I do not know to what degree they have been improved.

In article <9629@brazos.Rice.edu> preston@titan.rice.edu (Preston Biggs) writes:

>Since it's at link time, I assume (!) the linker simply substitutes
>the procedure body (minus the return) for the call instruction.
>Hence, 2 instructions saved.  Arguments would still be passed
>in registers or on the stack and registers would be saved and restored
>as usual.  More complex schemes would (possibly) be too complex and
>expensive for link-time.  At any rate, that's all that was promised
>by his manual.

Nope. See above. It also removes register saves and restores.

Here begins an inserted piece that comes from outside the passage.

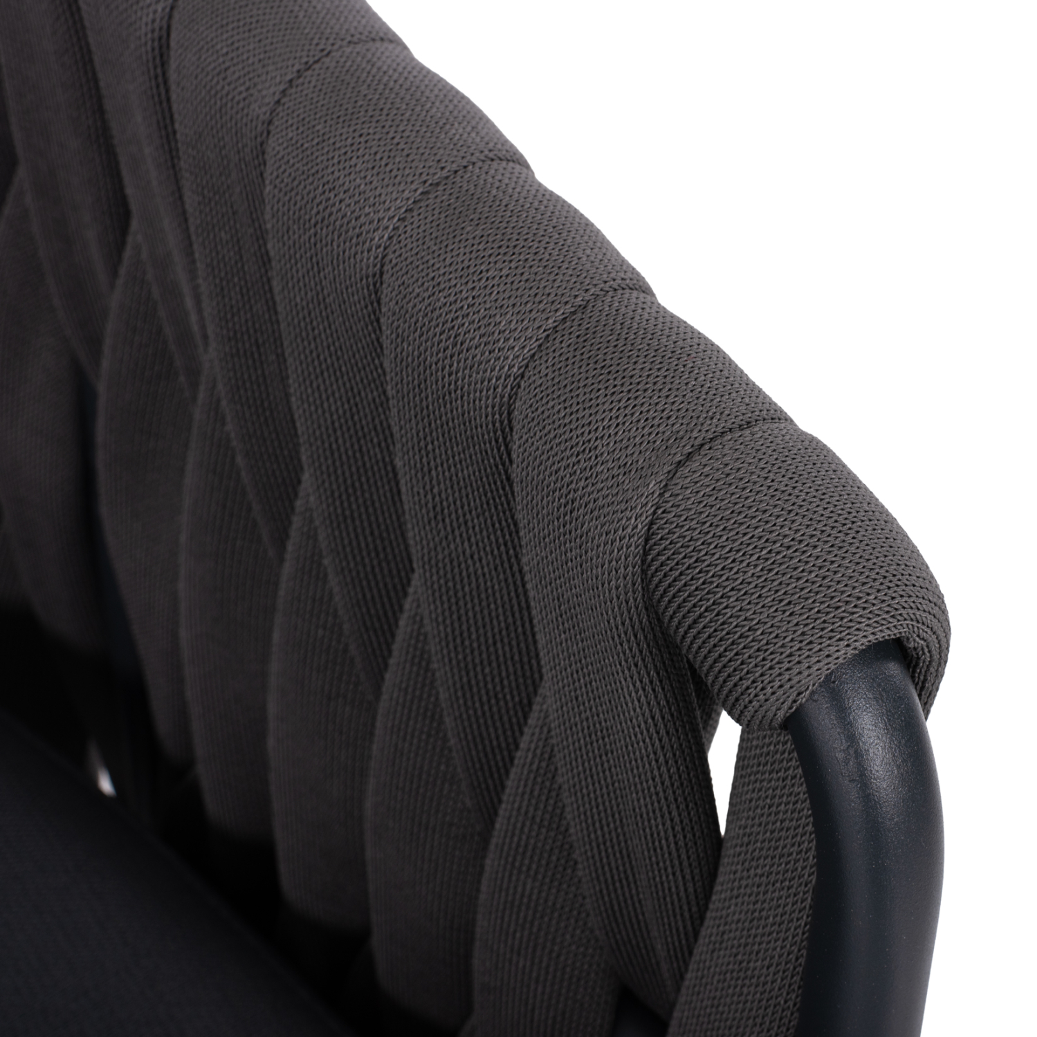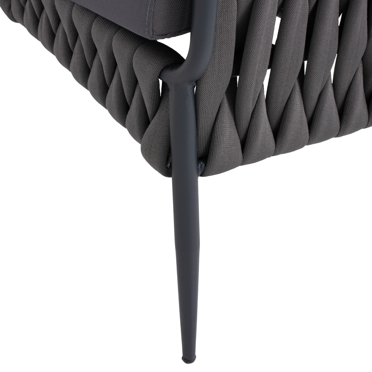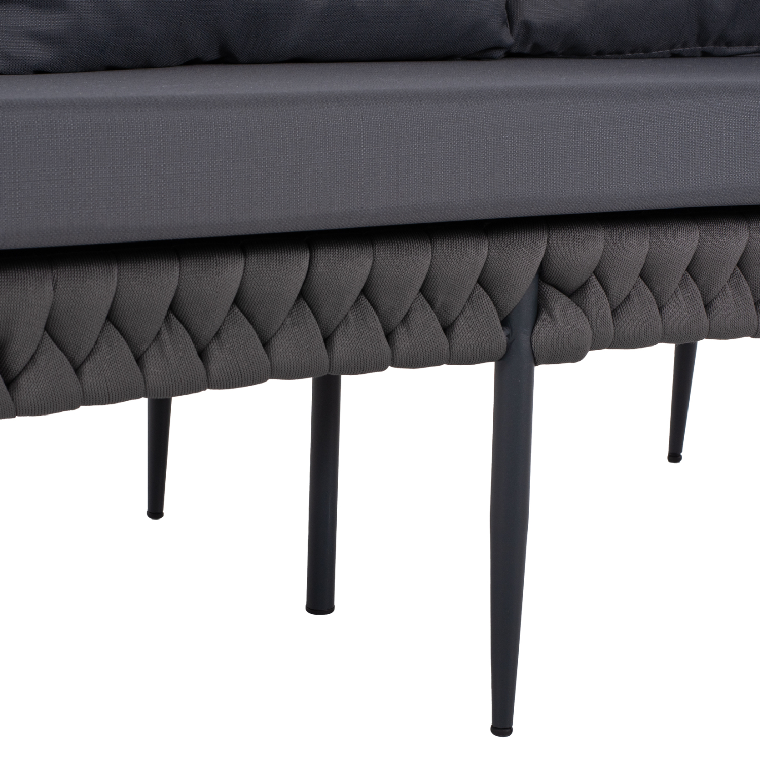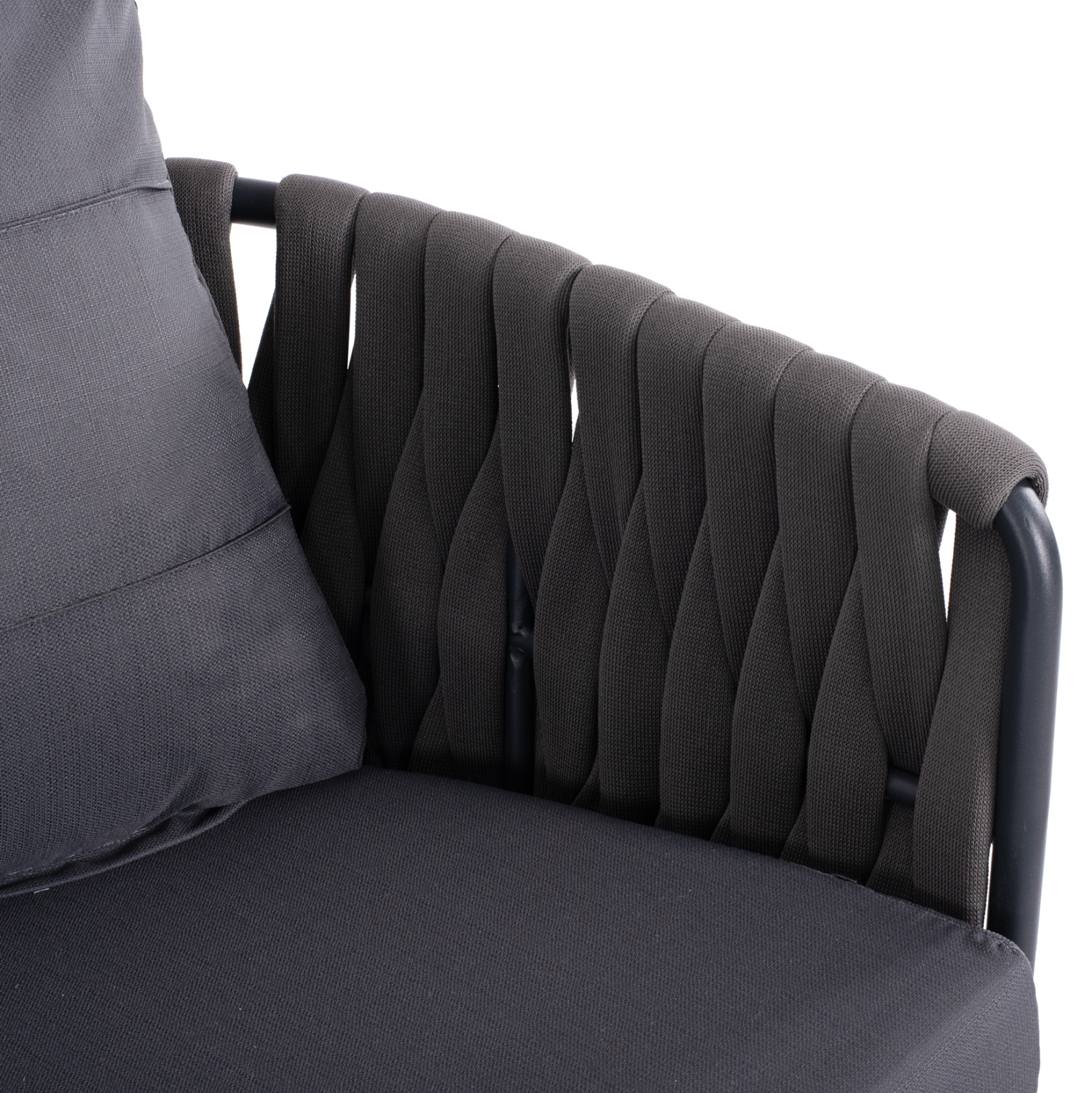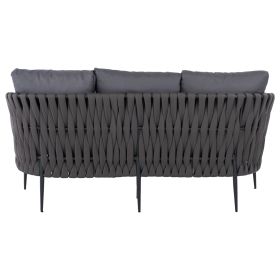 HM5924.10 --Σας παρουσιάζουμε έναν πανέμορφο 3θέσιο καναπέ στις αποχρώσεις του ΓΚΡΙ. Ο συνδυασμός του σκελετού αλουμινίου με το ΑΦΡΩΔΕΣ σχοινί που διατρέχει πλεγμένο όλο τον καναπέ, καθώς και τα 3 μεγάλα μαξιλάρια πλάτης είναι μοναδικός, και μπορεί να αλλάξει άμεσα την εικόνα οποιουδήποτε εξωτερικού χώρου. Χαρακτηριστικό γνώρισμα αυτού του καναπέ είναι ότι τα πόδια είναι ψηλά, με αποτέλεσμα και το ύψος του καθίσματος να είναι ψηλό.

>Paging effects and I-cache effects are difficult to determine in
>advance.  You get better locality with inlining, but you also get
>bulkier code.  Consider also the effect of inlining a very small routine
>(a favorite choice).  With the non-inlined version, the routine might
>remain in cache (or paged in) for extended periods, perhaps being
>called from many different call sites.  In the inlined case,
>each call site would have it's own copy and require more cache
>lines or pages.

Yes, it is clearly a user-mode CPU time vs. memory space tradeoff...

>Best seems to be experimentation with your own <system,compiler,application>.

I second that. The problem is that many environments do not offer a tool
like the Afterburner with which to experiment...

Disclaimer: the above are my opinions and not necessarily my employer's...

Mark Chojnacki, Network Applications, SCO Canada, Inc. (416) 922-1937
mark@sco.com                          (formerly HCR Corporation)
or ..!uunet!scocan!mark               Toronto, Ontario, Canada

fouts@bozeman.ingr.com (Martin Fouts) (07/18/90)

In article <138349@sun.Eng.Sun.COM> lm@snafu.Sun.COM (Larry McVoy) writes:

   In article <1990Jul3.215128.23026@portia.Stanford.EDU> dhinds@portia.Stanford.EDU (David Hinds) writes:
   >    Geez, is this a cheap shot, or what?  FORTRAN has its weaknesses,
   >but inefficiency is not one of them.  I know of no other language that
   >can be as effectively optimized.  

   Yeah, I used to like fortran pretty well.  I have before me "Programmers Guide
   to Fortran 90" which contains things, such as pointers, that make me wonder
   if this is going to make fortran an uninteresting language.

A few years ago I translated the Livermore Loops from Fortran to
semantically equivalent C.  On every machine I ran both version on,
the C version produced correct results faster than the Fortran
version.   Every machine includes:  Cray 2, X/MP and Y/MP, Amdahl
5880, Sun 3, SGI Iris 4D, Vax running BSD, Convex, and Alliant.  That
was a few years ago, and I am sure some improvements have been made in
Fortran compilers since then. (;-)

There are parts of Fortran which are very easy to optimize.  There are
parts which are harder to optimize.  The same is true for other
languages.  The trick with Fortran is that being a smaller language it
has fewere of the latter.  I can write very efficient code in C, and I
can write horrible code in Fortran; so, in another sense the old saw
"You can write Fortran in any language" is as true about efficiency as
about anything else.

Marty
--
Martin Fouts

 UUCP:  ...!pyramid!garth!fouts  ARPA:  apd!fouts@ingr.com
PHONE:  (415) 852-2310            FAX:  (415) 856-9224
 MAIL:  2400 Geng Road, Palo Alto, CA, 94303

If you can find an opinion in my posting, please let me know.
I don't have opinions, only misconceptions.